Copy the complete listing word for word, but do not carry over any images.

── Data

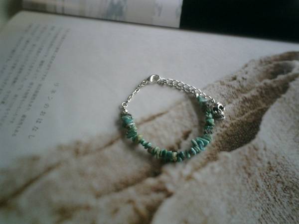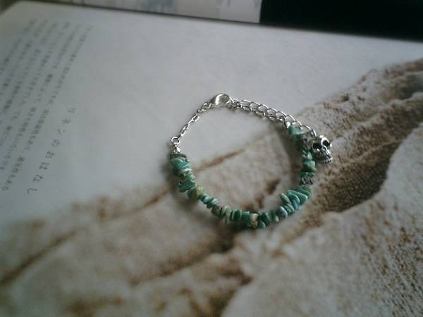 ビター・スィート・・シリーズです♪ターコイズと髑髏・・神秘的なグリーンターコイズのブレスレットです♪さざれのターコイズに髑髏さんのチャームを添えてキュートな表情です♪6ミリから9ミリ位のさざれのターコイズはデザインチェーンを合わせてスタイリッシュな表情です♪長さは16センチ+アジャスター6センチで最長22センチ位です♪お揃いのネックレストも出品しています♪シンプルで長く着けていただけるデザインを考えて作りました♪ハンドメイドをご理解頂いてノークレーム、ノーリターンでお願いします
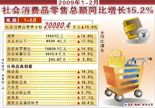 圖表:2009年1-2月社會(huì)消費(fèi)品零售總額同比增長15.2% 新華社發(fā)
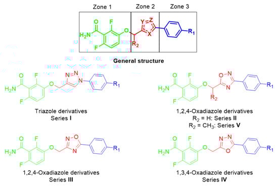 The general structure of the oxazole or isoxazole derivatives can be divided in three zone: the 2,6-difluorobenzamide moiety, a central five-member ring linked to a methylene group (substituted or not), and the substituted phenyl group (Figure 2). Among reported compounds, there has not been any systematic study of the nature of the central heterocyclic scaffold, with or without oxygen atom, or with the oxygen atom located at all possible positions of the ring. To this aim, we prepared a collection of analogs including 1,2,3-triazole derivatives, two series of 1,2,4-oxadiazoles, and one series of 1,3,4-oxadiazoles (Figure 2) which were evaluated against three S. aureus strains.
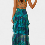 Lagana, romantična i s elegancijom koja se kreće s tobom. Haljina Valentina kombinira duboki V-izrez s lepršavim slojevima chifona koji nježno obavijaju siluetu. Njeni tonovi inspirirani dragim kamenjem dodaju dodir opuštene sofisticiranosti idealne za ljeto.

────

- **Written reply**
 ビター・スィート・・シリーズです♪ターコイズと髑髏・・神秘的なグリーンターコイズのブレスレットです♪さざれのターコイズに髑髏さんのチャームを添えてキュートな表情です♪6ミリから9ミリ位のさざれのターコイズはデザインチェーンを合わせてスタイリッシュな表情です♪長さは16センチ+アジャスター6センチで最長22センチ位です♪お揃いのネックレストも出品しています♪シンプルで長く着けていただけるデザインを考えて作りました♪ハンドメイドをご理解頂いてノークレーム、ノーリターンでお願いします
 圖表:2009年1-2月社會(huì)消費(fèi)品零售總額同比增長15.2% 新華社發(fā)
 The general structure of the oxazole or isoxazole derivatives can be divided in three zone: the 2,6-difluorobenzamide moiety, a central five-member ring linked to a methylene group (substituted or not), and the substituted phenyl group (Figure 2). Among reported compounds, there has not been any systematic study of the nature of the central heterocyclic scaffold, with or without oxygen atom, or with the oxygen atom located at all possible positions of the ring. To this aim, we prepared a collection of analogs including 1,2,3-triazole derivatives, two series of 1,2,4-oxadiazoles, and one series of 1,3,4-oxadiazoles (Figure 2) which were evaluated against three S. aureus strains.
 Lagana, romantična i s elegancijom koja se kreće s tobom. Haljina Valentina kombinira duboki V-izrez s lepršavim slojevima chifona koji nježno obavijaju siluetu. Njeni tonovi inspirirani dragim kamenjem dodaju dodir opuštene sofisticiranosti idealne za ljeto.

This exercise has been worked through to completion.